Work task:
What you return should match the material below line for line, except that no image appears in it.

Source data:
::::

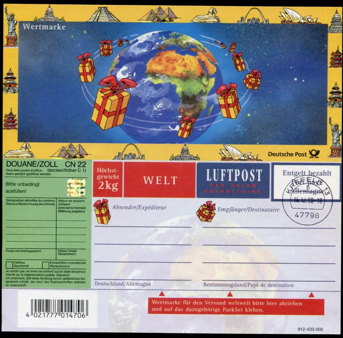 Voir catalogue des affaires générales de MICHEL Section "Passeaux et colis": PZ 3/2 et PC 8/2 ont été remis en décembre 1998. - Ici le 16.12.98 à Krefeld avec reçu de premier jour Numéro de catalogue: Pz8/02 Vérification: original Numéro d'article: 00000000012221>p>Remarque: Cet article n'est disponible qu'une seule fois. Vous recevrez exactement l'élément représenté.
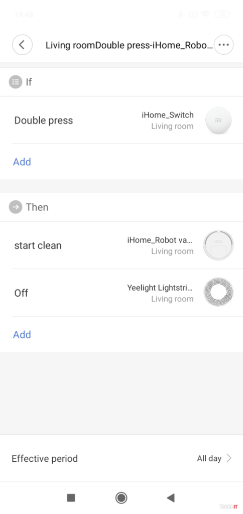 Na záver trošku automatizácie, ktorú máme veľmi radi. Vysávač sme zapojili do smarthome systému preto, aby sme si veci uľahčili a spúšťali viacero akcií súčasne. Najčastejšie využívame vysávač v spojení s bezdrôtovým MI tlačidlom, ktoré máme na chodbe. Keď odchádzame z domu, tak naňho dvakrát klikneme, pričom sa vypnú všetky svetlá a spustí sa vysávač. Toto môže byť ešte viac automatizované tak, že po zistení vašej neprítomnosti systém zaháji upratovanie – vysávanie. Super, čo poviete? A nezabudnite, vysávač máte pod dohľadom aj mimo domu, resp. mimo domácej Wi-Fi siete!
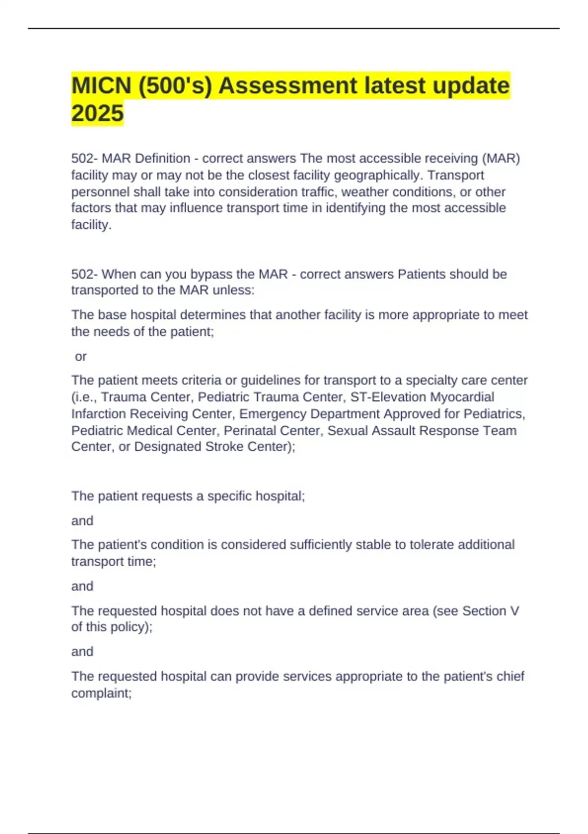 502- MAR Definition - correct answers The most accessible receiving (MAR)
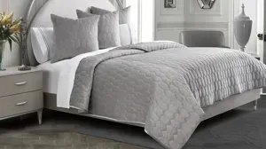 If you love embroidered details and velvety fabrics, the Affluent 4-pc. Quilt Set is the perfect layering piece or alternative bed cover for you! The elongated diamond pattern pairs effortlessly with existing styles and d_cor, while the soft dove gray polyester velvet adds a soft, luxurious touch. Included is 1 quilt and 3 euro shams.

::::

Exercise solution:
 Voir catalogue des affaires générales de MICHEL Section "Passeaux et colis": PZ 3/2 et PC 8/2 ont été remis en décembre 1998. - Ici le 16.12.98 à Krefeld avec reçu de premier jour Numéro de catalogue: Pz8/02 Vérification: original Numéro d'article: 00000000012221>p>Remarque: Cet article n'est disponible qu'une seule fois. Vous recevrez exactement l'élément représenté.
 Na záver trošku automatizácie, ktorú máme veľmi radi. Vysávač sme zapojili do smarthome systému preto, aby sme si veci uľahčili a spúšťali viacero akcií súčasne. Najčastejšie využívame vysávač v spojení s bezdrôtovým MI tlačidlom, ktoré máme na chodbe. Keď odchádzame z domu, tak naňho dvakrát klikneme, pričom sa vypnú všetky svetlá a spustí sa vysávač. Toto môže byť ešte viac automatizované tak, že po zistení vašej neprítomnosti systém zaháji upratovanie – vysávanie. Super, čo poviete? A nezabudnite, vysávač máte pod dohľadom aj mimo domu, resp. mimo domácej Wi-Fi siete!
 502- MAR Definition - correct answers The most accessible receiving (MAR)
 If you love embroidered details and velvety fabrics, the Affluent 4-pc. Quilt Set is the perfect layering piece or alternative bed cover for you! The elongated diamond pattern pairs effortlessly with existing styles and d_cor, while the soft dove gray polyester velvet adds a soft, luxurious touch. Included is 1 quilt and 3 euro shams.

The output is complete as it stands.